If Eli Had a Hammer

Establishment mouthpieces in media and academia have been writing off mistrust of “elites” as kooky for years. Now that plague is running rampant we can all see the stakes. Who do you think will fare better than others surviving the present pandemic? Whether or not the least vulnerable came by their financial, and physical, seclusion honestly is boiling down to a grim question. What is the value of one human life over another? Just how does anyone go about making themselves “worth” more?

Fifteen years ago President Bush was taking heat for sluggish mismanagement of the catastrophe Hurricane Katrina left in its wake. The Mad-Men in charge of photo-ops at 1600 Penn were on it. The Air Force One crew was told to plot a course toward the ravaged bayous of Louisiana. Deep in crawdad country, Bush II was butted onto Jimmy Carter’s Habitat for Humanity bandwagon. The prez was hard-hatted, handed a framing hammer and set loose to work the two by fours and plywood… It turned out the image wonks had jumped the gun. W’s carpentry skills didn’t quite stack up to the homey, good-ole-boy role he flaunted. It was instantly clear the 59-year-old had never held a hand tool before. The PR lumps weren’t quite as vicious as the ones Dukakis got for riding in that tank, but the chief did not come out entirely unscathed.

Somebody in damage control could have shown him how to hold and swing a hammer. Why weren’t they using nail guns anyway? (Were they afraid he might impale himself?).  In any case, David Letterman wasted no time getting some yuks out of the spectacle. The camera revealed a POTUS even less adept in the mechanical realm than he was in the grammatical one. The big ears at headquarters must have heard the laughs coming from Late Night. The next day 43 was shown bareheaded, joining studs to the plate a little less awkwardly. Still, as the new improved press photo revealed, every single nail had already been started for the man. It’s a safe bet presidential assistance didn’t exactly speed up completion of the structure. Left of Bang: How the ... Patrick Van Horne, Jas... Best Price: $12.13 Buy New $14.63 (as of 08:15 UTC - Details)

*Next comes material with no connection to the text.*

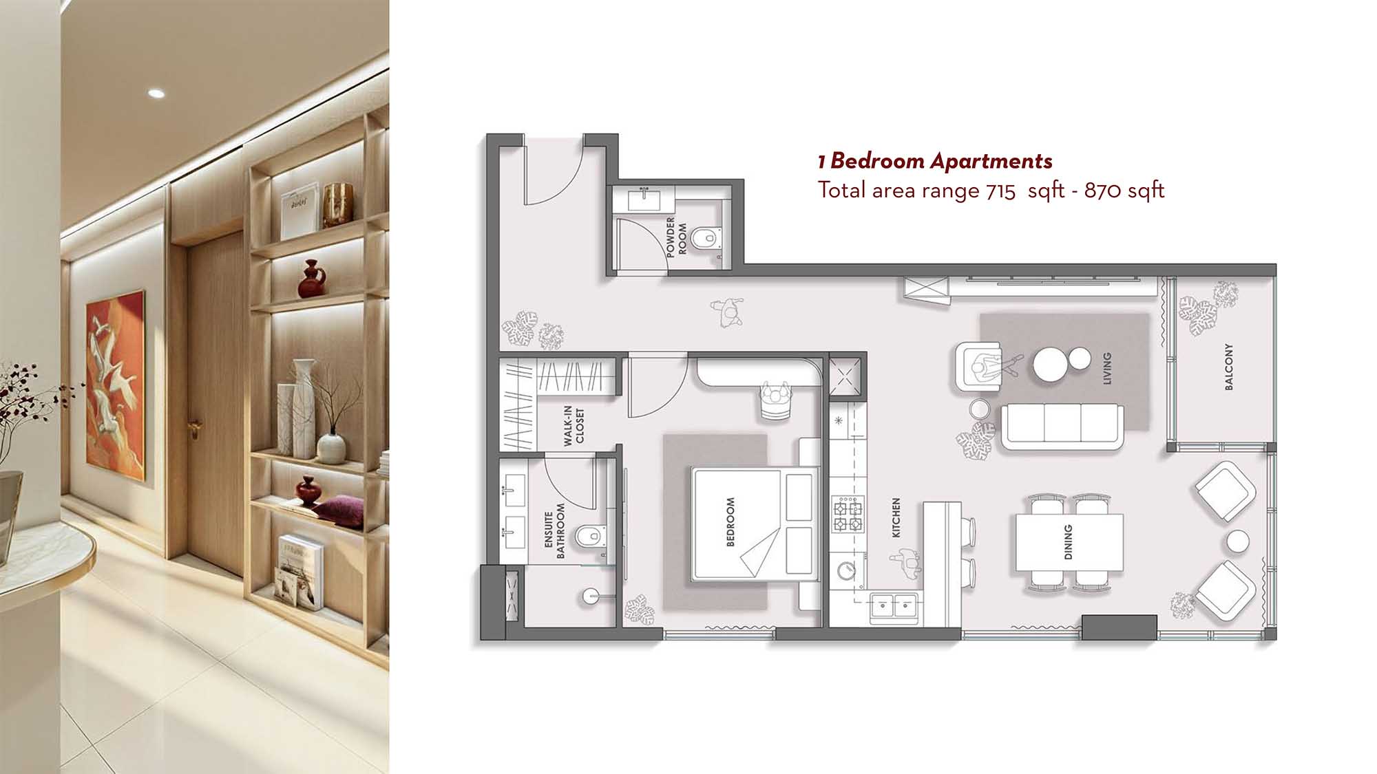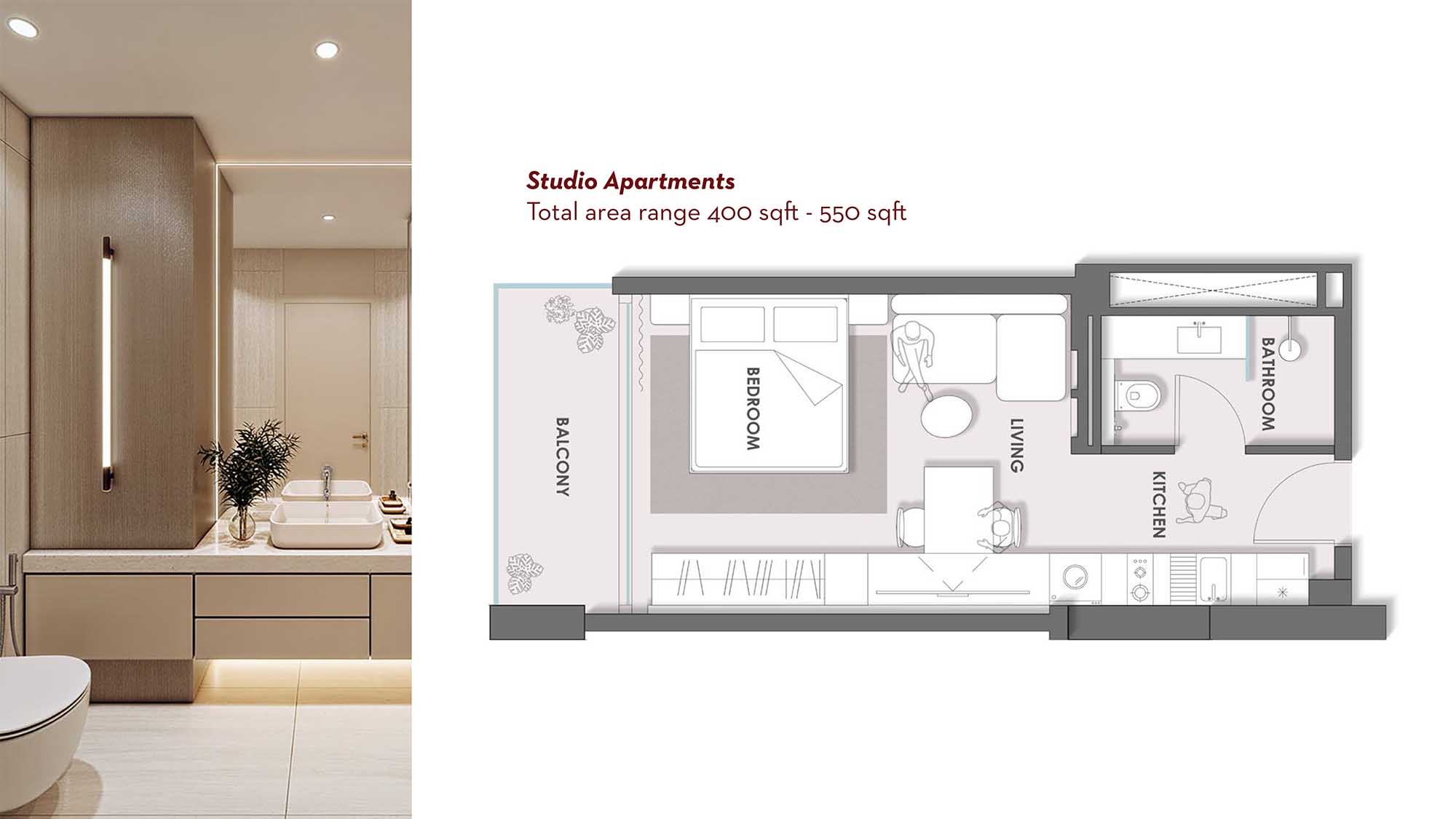 - Offering a wide range of exclusively elegant and premium studios and 1-bedroom apartments

Two years later the Western world went through the recession now known as the Sub-prime Mortgage Crisis. Single-family home listings had gone through the roof simultaneous to a massive housing construction boom. Prices were vastly out of whack with supply in light of the number of incomes matching amortization schedules. The blame game over what demographics or institutions were at fault still hasn’t been settled. In 2018 former Trump economic adviser Gary Cohn was busy telling Reuters:

“Who broke the law? I just want to know who you think broke the law,” said Cohn. “Was the waitress in Las Vegas who had six houses leveraged at 100 percent with no income, was she reckless and stupid? Or was the banker reckless and stupid?”

It isn’t necessarily uncommon to meet a waitress with more sense than a banker. We can only speculate on comparative moral probity. Nobody, in major media, has answered Cohn directly so far. We do know that loan officers take their cuts upfront. Should this have remained the legal process in the days of mortgage-backed securities when agent banks were only liable in the short term? Were borrowers responsible for vetting their own qualification? A bigger question lies untouched in the background. Financial markets ostensibly exist for purposes of liquidity and efficiency. Is this the actual mission they filled in events leading to the millennial housing boom? What role they played facilitating the means of production overall is also unclear.

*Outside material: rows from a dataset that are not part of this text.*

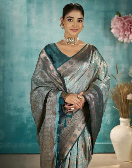 • Navy Blue Silk Woven Banarasi Saree Navy Blue Silk Woven Banarasi Saree ₹5,800.00
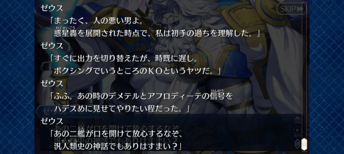 ゼウス実装されたら汎用人類史でのギリシャ神話内での話を色々聞けそうで面白そうなんだけどな
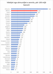 Ndërsa mesatarja e Bashkimit Europian është shumë më e ulët, në 1190 vdekje për 1 milion banorë, ose gati 4 herë më e ulët se në Shqipëri. Shtetet, ku ka më pak vdekje nga sëmundjet e qarkullimit të gjakut janë Franca (470 për milionë banorë), Holanda (580) dhe Spanja (640).
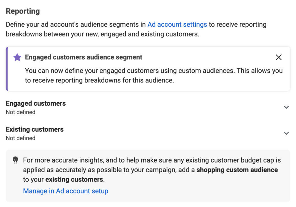 Meta définit les clients engagés comme « des personnes qui connaissent votre entreprise ou qui ont interagi avec vos produits ou services, mais qui n’ont pas effectué d’achat ». Avec ce nouveau paramètre, vous pourrez désormais créer une audience personnalisée de ces personnes, ce qui offrira davantage d’opportunités de réengager ceux qui ont manifesté au moins un certain niveau d’intérêt explicite.
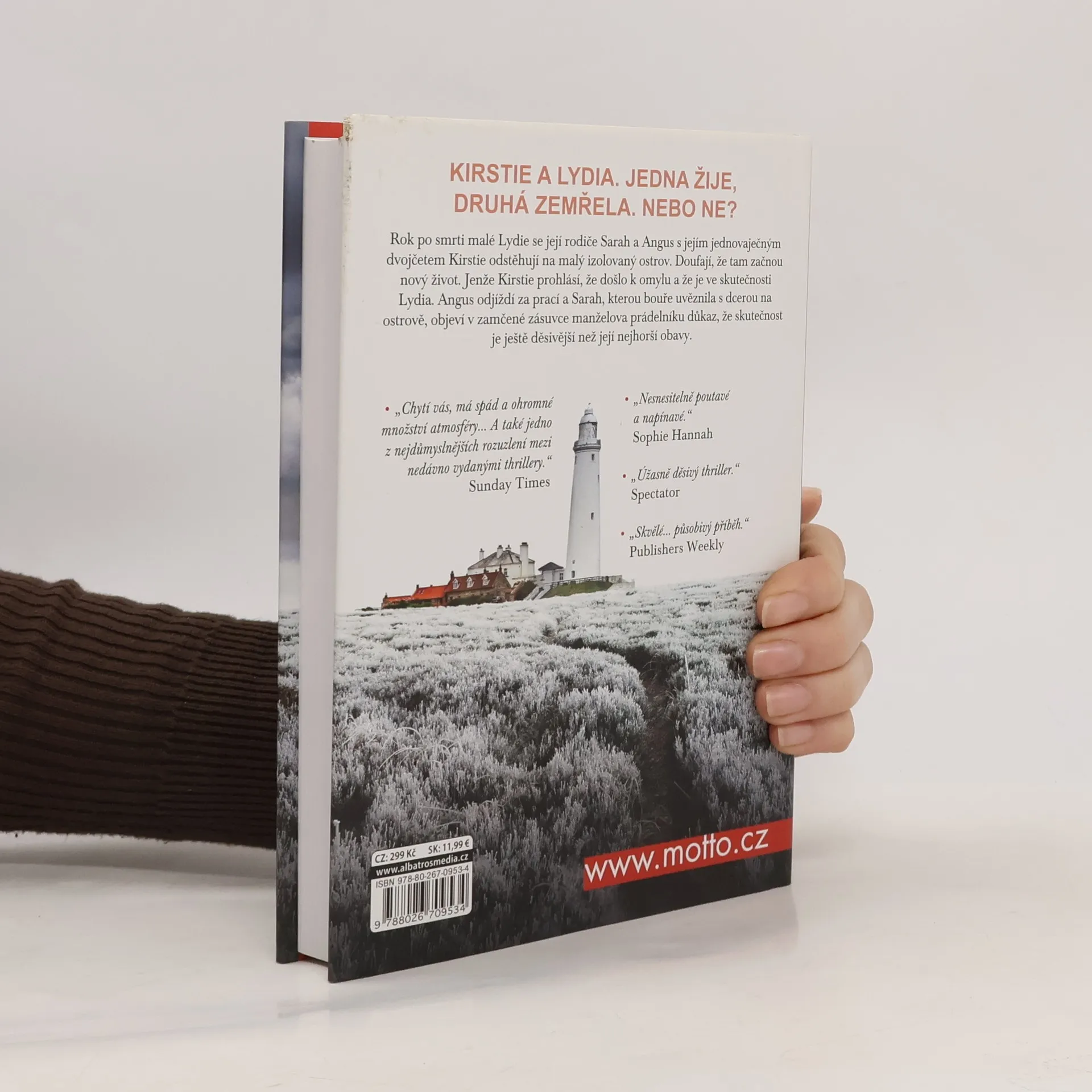Rok po tragické smrti malé Lydie se její rodiče Angus a Sarah Moorcroftovi s jejím jednovaječným dvojčetem Kirstie odstěhují na malý skotský ostrov, který Angus zdědil po své babičce. Doufají, že v novém prostředí se jim podaří složit dohromady střípky jejich starého života. Jenže pak jejich zbývající dcera Kirstie prohlásí, že právě ona je Lydie a Kirstie je dvojčetem, které zemřelo – a jejich svět se opět hroutí. S blížící se zimou je Angus nucen odcestovat z ostrova kvůli práci. Sarah trpí pocitem osamělosti a Kirstie (nebo je to Lydie?) je čím dál tím víc nevyrovnaná. Bouře zanechá Sarah s dcerou na ostrově zcela odříznuté a Sarah se začne znovu trápit minulostí – co se opravdu stalo toho osudného dne, kdy jedna z jejích dcer zemřela?

Prior to tax deferment legislation of the 70’s, revenue flow onto Wall Street markets depended largely upon investors’ perception of opportunity there. When baby boomers began to pour into the bidding for financial products, through intermediaries like mutual funds, opportunity was not necessarily expanding accordingly. A salesman, however, cannot keep his job while telling the mark the time is not right. Meanwhile, the three highest spikes of the P/E ratio in S & P history happened in a space of 10 years. The most recent was in 2009. It’s not certain there is any definitive significance in these events. But the last one produced multiples 5 times higher than were ever known prior to 1999 and nearly 3 times that mark. Was it merely luck a major selloff failed to occur or are there, in fact, secretive market movements unknown to the mass of us shoring up common stock prices? Call it conspiratorial but can it be ruled out? There are people in Washington who will see the Fed audited over their dead bodies. Perusing the literature available on the topic provides little assurance published experts have greater understanding than many laymen.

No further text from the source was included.